Seminary affords men the opportunity to acquire the foundational understanding upon which they will build throughout their pastoral lives. If a man never goes to seminary, he may have to spend much time catching up with his better-informed ministerial colleagues. Most men would not even know what the important issues are and how to address them, apart from seminary training. If men who have a seminary education sense their insufficiency for pastoral ministry, how much more so those who have never attended seminary.

Since seminary is the ordinary route, only an extraordinary man can dispense with it. And who is that? Or, rather, who thinks that he is that?

Beyond Seminary

As noted above, seminary is not calculated to provide all that a man needs to serve in the gospel ministry. A man also needs good practical field experience. Both denominations and seminaries have come to recognize this, and thus require various forms of ministerial apprenticeships and internships. In the days of the Log College, after university or the classical academy, a ministerial candidate would live for several years with a pastor and gain in that way many of the counseling, visitation, administrative, and other pastoral skills that can only be gained in the field and that the best of seminary programs can only begin to provide.

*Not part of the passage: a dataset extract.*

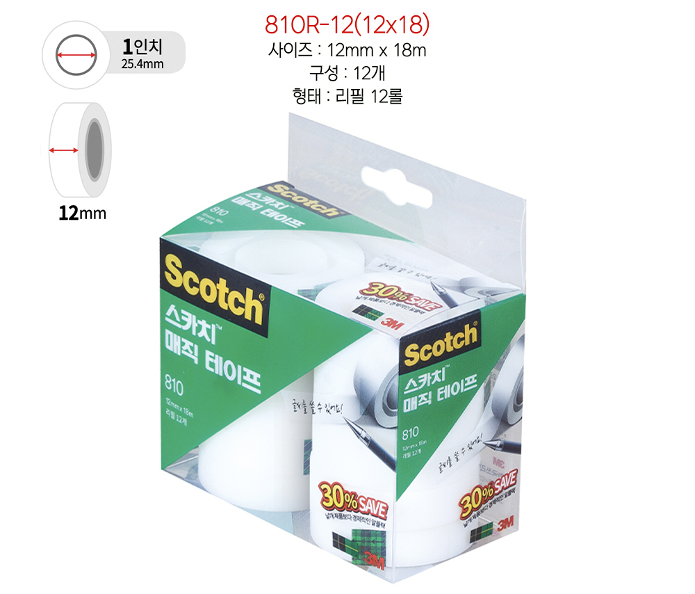 3M 스카치 매직 테이프 세이빙팩 리필 810R-12 (12mmx18m)

There is, in other words, only so much that can be done in the seminary classroom. No matter how many counseling courses a man may take, for instance, he will never learn what can only be learned by actually counseling people.

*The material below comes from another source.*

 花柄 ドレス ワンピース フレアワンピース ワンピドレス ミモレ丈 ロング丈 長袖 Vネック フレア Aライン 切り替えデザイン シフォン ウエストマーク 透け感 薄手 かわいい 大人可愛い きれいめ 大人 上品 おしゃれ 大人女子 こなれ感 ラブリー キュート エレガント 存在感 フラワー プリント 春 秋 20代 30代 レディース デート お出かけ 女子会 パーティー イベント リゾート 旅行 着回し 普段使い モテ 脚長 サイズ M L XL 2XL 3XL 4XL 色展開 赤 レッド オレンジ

This is not to say, though, that seminaries cannot do a better job in teaching denominational history, worship, and polity (government), for example. At seminary, students should study the history of the various Reformed and Presbyterian bodies, as well as their polity and worship. The OPC has expressed concern about the lack of such practical instruction in the seminaries, particularly in OPC distinctives, and has established the Ministerial Training Institute of the OPC to remedy, in part, those shortcomings.

But Which Seminary?

While it is not inconceivable that ministers could receive their training in the Bible somewhere other than at seminary, I do not know where comprehensive, thorough training in all the theological departments goes on other than at seminaries and similar theological schools.

However, not any seminary will do. Since all ministers are called upon to “guard what was committed to your trust,” a ministerial candidate should be an active part of a Reformed, confessional church that regards him as fit for the ministry and can commend him to a seminary that is thoroughly confessional — that is, that guards the theological trust that Christ has given to his church.

No man should attend a seminary that does not confess Christ in all his fullness, manifested in part by its fidelity to the Reformed and Presbyterian confessions. The seminary should be dedicated to training men for the gospel ministry.

Finally, as John Donne said, “No man is an island.” Men preparing for the ministry need to learn collegiality in the seminary, so as to prepare them to work in church courts.

Thus we see that a seminary education is a necessary and important part of pastoral training today.

By Alan D. Strange (OPC Minister) and reprinted from New Horizons, October 1999.